==== Stored data ====

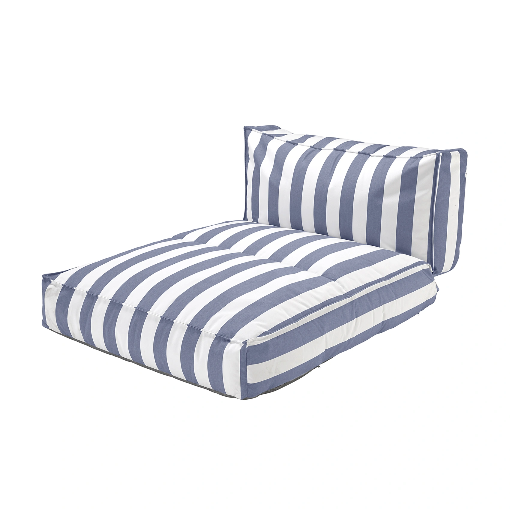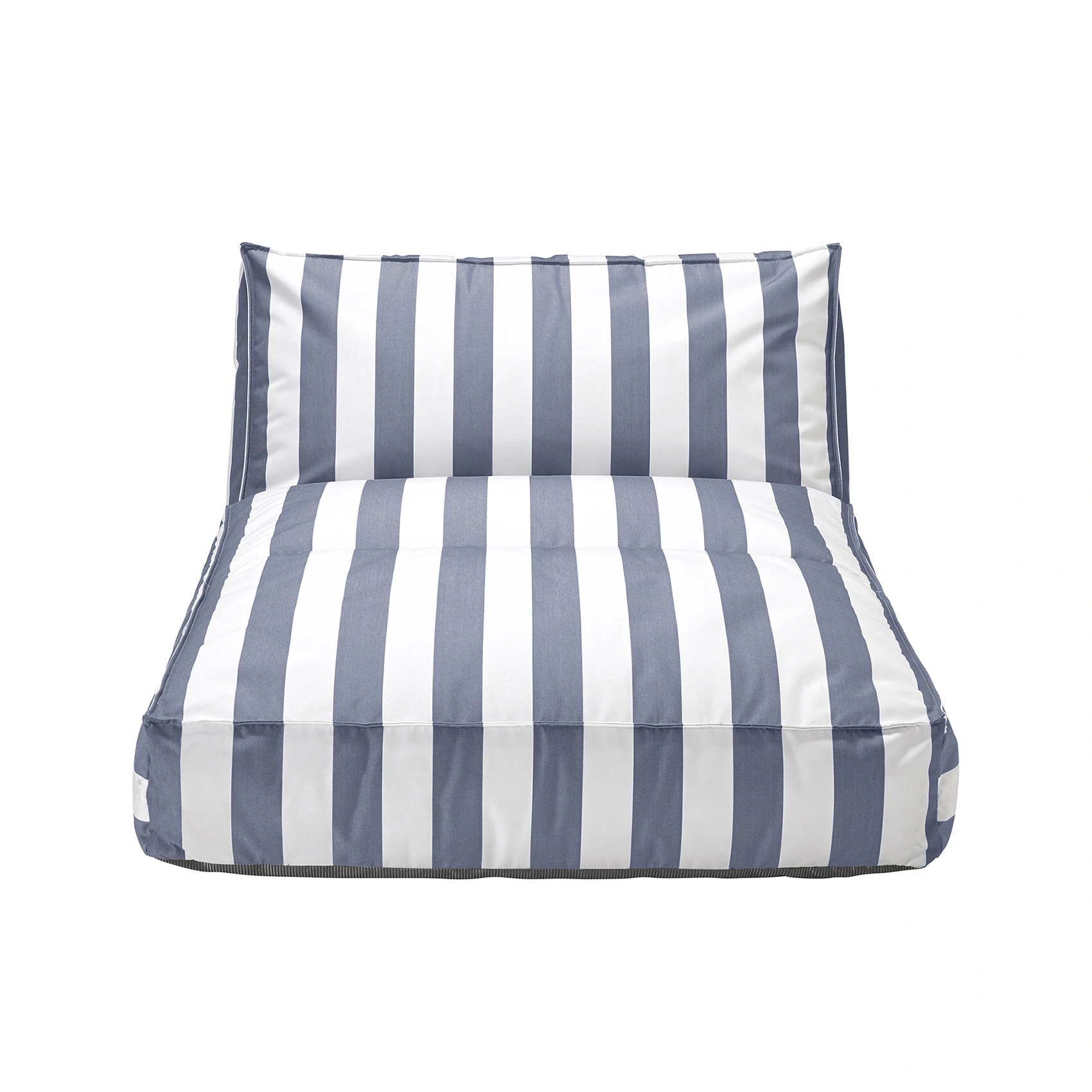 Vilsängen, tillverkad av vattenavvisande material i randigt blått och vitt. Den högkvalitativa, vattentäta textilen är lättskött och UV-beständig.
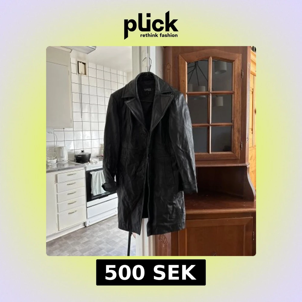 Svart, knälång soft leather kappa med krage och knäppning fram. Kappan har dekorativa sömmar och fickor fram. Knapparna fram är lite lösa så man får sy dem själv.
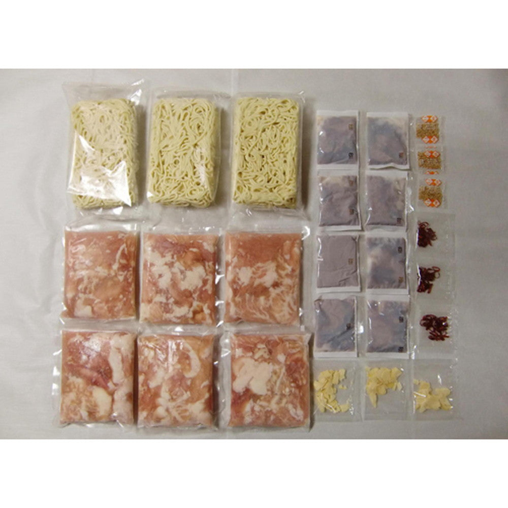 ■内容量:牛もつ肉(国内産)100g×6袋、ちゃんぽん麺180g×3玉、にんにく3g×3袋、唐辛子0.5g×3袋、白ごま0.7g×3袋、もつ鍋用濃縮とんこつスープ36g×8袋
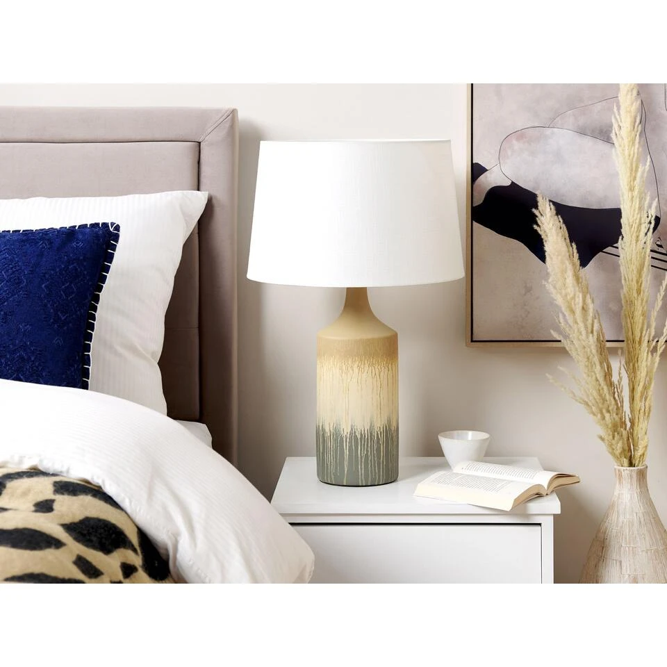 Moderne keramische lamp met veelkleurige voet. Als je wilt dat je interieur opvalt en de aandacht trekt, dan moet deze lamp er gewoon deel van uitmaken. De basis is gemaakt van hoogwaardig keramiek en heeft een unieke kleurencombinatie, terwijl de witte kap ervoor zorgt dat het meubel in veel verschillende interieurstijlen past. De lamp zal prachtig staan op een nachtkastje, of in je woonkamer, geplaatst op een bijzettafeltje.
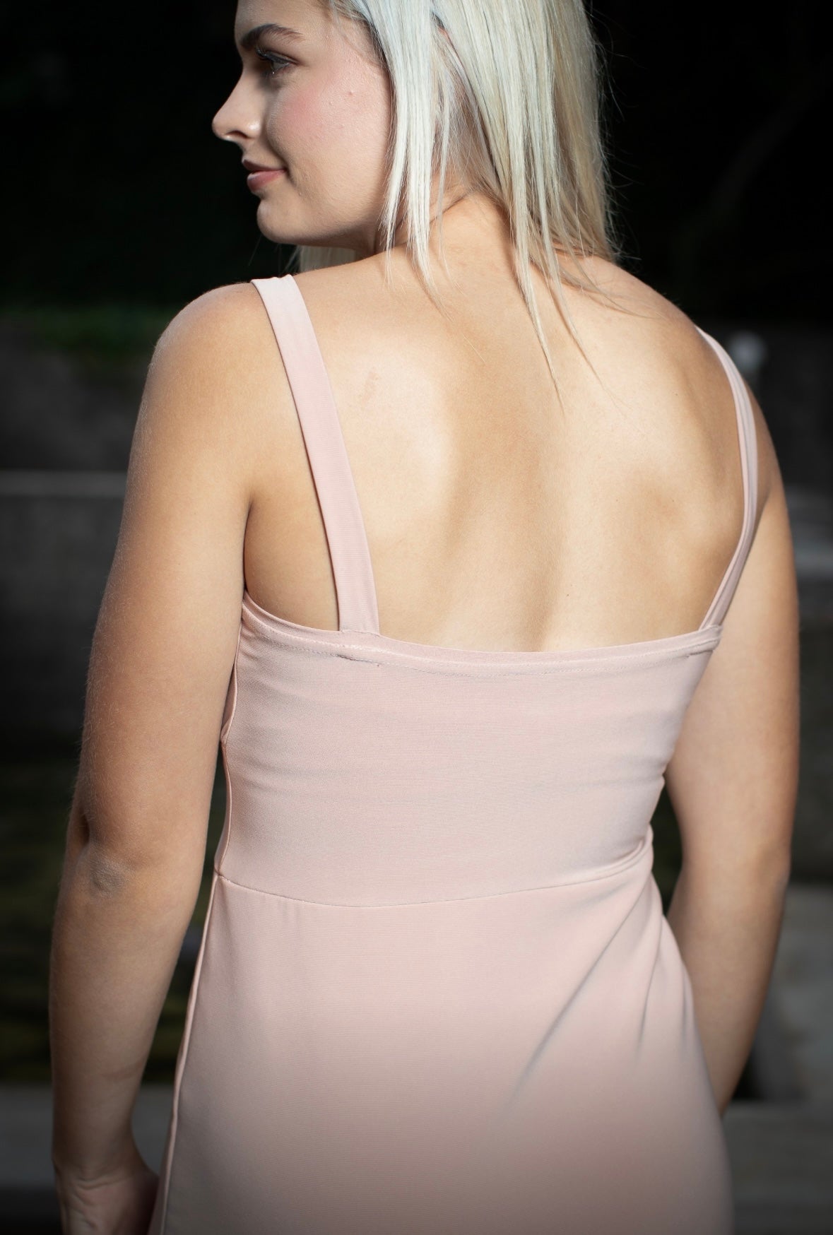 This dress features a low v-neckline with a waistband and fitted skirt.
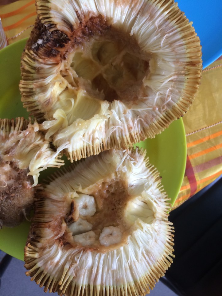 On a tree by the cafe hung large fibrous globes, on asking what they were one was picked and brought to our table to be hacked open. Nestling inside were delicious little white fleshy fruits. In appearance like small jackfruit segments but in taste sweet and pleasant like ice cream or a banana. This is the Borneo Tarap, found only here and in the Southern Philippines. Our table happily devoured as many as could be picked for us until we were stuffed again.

====

Work to be completed: Return every entry from the listing above exactly as it stands, leaving out any picture.

Completed task:
 Vilsängen, tillverkad av vattenavvisande material i randigt blått och vitt. Den högkvalitativa, vattentäta textilen är lättskött och UV-beständig.
 Svart, knälång soft leather kappa med krage och knäppning fram. Kappan har dekorativa sömmar och fickor fram. Knapparna fram är lite lösa så man får sy dem själv.
 ■内容量:牛もつ肉(国内産)100g×6袋、ちゃんぽん麺180g×3玉、にんにく3g×3袋、唐辛子0.5g×3袋、白ごま0.7g×3袋、もつ鍋用濃縮とんこつスープ36g×8袋
 Moderne keramische lamp met veelkleurige voet. Als je wilt dat je interieur opvalt en de aandacht trekt, dan moet deze lamp er gewoon deel van uitmaken. De basis is gemaakt van hoogwaardig keramiek en heeft een unieke kleurencombinatie, terwijl de witte kap ervoor zorgt dat het meubel in veel verschillende interieurstijlen past. De lamp zal prachtig staan op een nachtkastje, of in je woonkamer, geplaatst op een bijzettafeltje.
 This dress features a low v-neckline with a waistband and fitted skirt.
 On a tree by the cafe hung large fibrous globes, on asking what they were one was picked and brought to our table to be hacked open. Nestling inside were delicious little white fleshy fruits. In appearance like small jackfruit segments but in taste sweet and pleasant like ice cream or a banana. This is the Borneo Tarap, found only here and in the Southern Philippines. Our table happily devoured as many as could be picked for us until we were stuffed again.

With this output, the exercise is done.